SCAN is a personal information retrieval framework, combining search, text analysis, tagging, and metadata functions for document collections management. SCAN is a component-based software using a number of plugins for specific features. The basic SCAN platform can be easily extended with plugins for different document formats and document location types.
TiTLi is a Google-like search tool for relational databases . It builds on top of Apache Lucene to provide an API and a GWT-based UI for searching multiple databases from various vendors simultaneously. It is very fast due to indexing, and the database is queried only when a record is chosen.

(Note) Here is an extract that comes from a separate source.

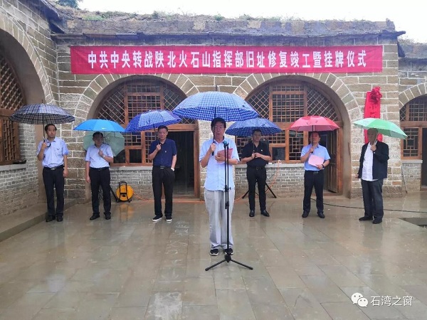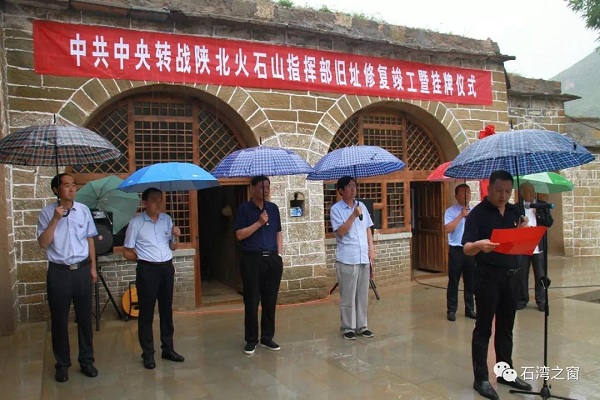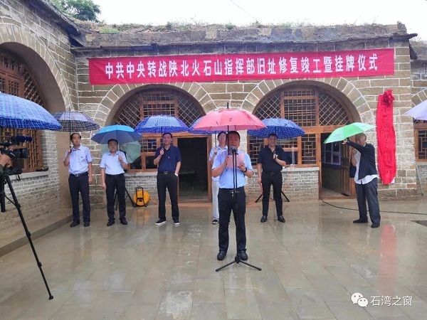 2019年8月3日,石灣鎮(zhèn)舉行中共中央轉(zhuǎn)戰(zhàn)陜北火石山指揮部舊址竣工暨掛牌儀式。區(qū)人大常委會(huì)副主任牛清國同志、區(qū)委組織部副部長崔春斌同志、區(qū)委宣傳部副部長張玉同志、區(qū)文化和旅游文物廣電局局長郝永春同志出席掛牌儀式,參加儀式的還有石灣鎮(zhèn)黨委書記曹波同志、鎮(zhèn)長賀鵬飛同志以及各行政村黨支部書記、村委會(huì)主任、黨員代表近百人。掛牌儀式由石灣鎮(zhèn)黨委書記曹波主持。

TextSearch is a program to search through a set of text files in a directory structure. Each document is searched using a regular expression and an overview of the results is shown as a tree structure. By clicking on a file, it can be viewed, with matches being highlighted. As opposed to other programs out there, its focus is not so much on statistics, i.e. how often a word would occur in an entire corpus of files, but rather on occurrences in single files.

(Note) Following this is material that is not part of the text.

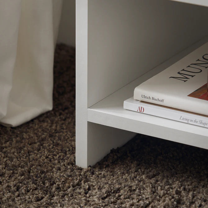 Lille sengebord med 2 hylder og 1 skuffe, hvid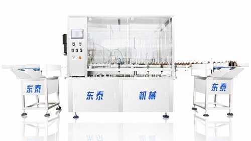 4、美容口服液灌裝機機器必須保持清潔,嚴禁機器上有油污、藥液或玻璃碎屑,以免造成機器損蝕

index.rb is a general indexing framework for Ruby. With it, you can create collections of documents, then index and search them. The traditional inverted index is supported, as is Latent Semantic Indexing (LSI). Input documents may be stemmed, to make user queries more general. It also provides TextTiling to break input documents covering multiple topics into topic-specific sub-documents.
Isobel is a framework to build complex information retrieval and analysis systems. Isobel can be functionally divided in two subsytems, Isobel Gatherer (the crawling and filtering subsystem) and Isobel Analyzer (the analysis subsystem). The two subsytems can also be used separately. Isobel Gatherer offers ready-to-use services like content fetching, scheduling, document format conversion, Hyperlink graph storage and analysis, content storage and indexing. A programmer may easily add new services. Isobel Analyzer uses the IBM UIMA architecture to reuse the analysis components developed for this architecture.
Sikher is a desktop program designed to archive, search, and display the Sikh scriptures using advanced functions. It allows the common person to understand and read the messages contained in the Sikh scriptures through translations and transliterations in different languages, thereby breaking the language and geographical barrier between Gurbani (Sikh Scriptures) and the world. Sikher is a robust, future proof, and cross-platform application which may be used by developers to create similar internationalized and localized search applications.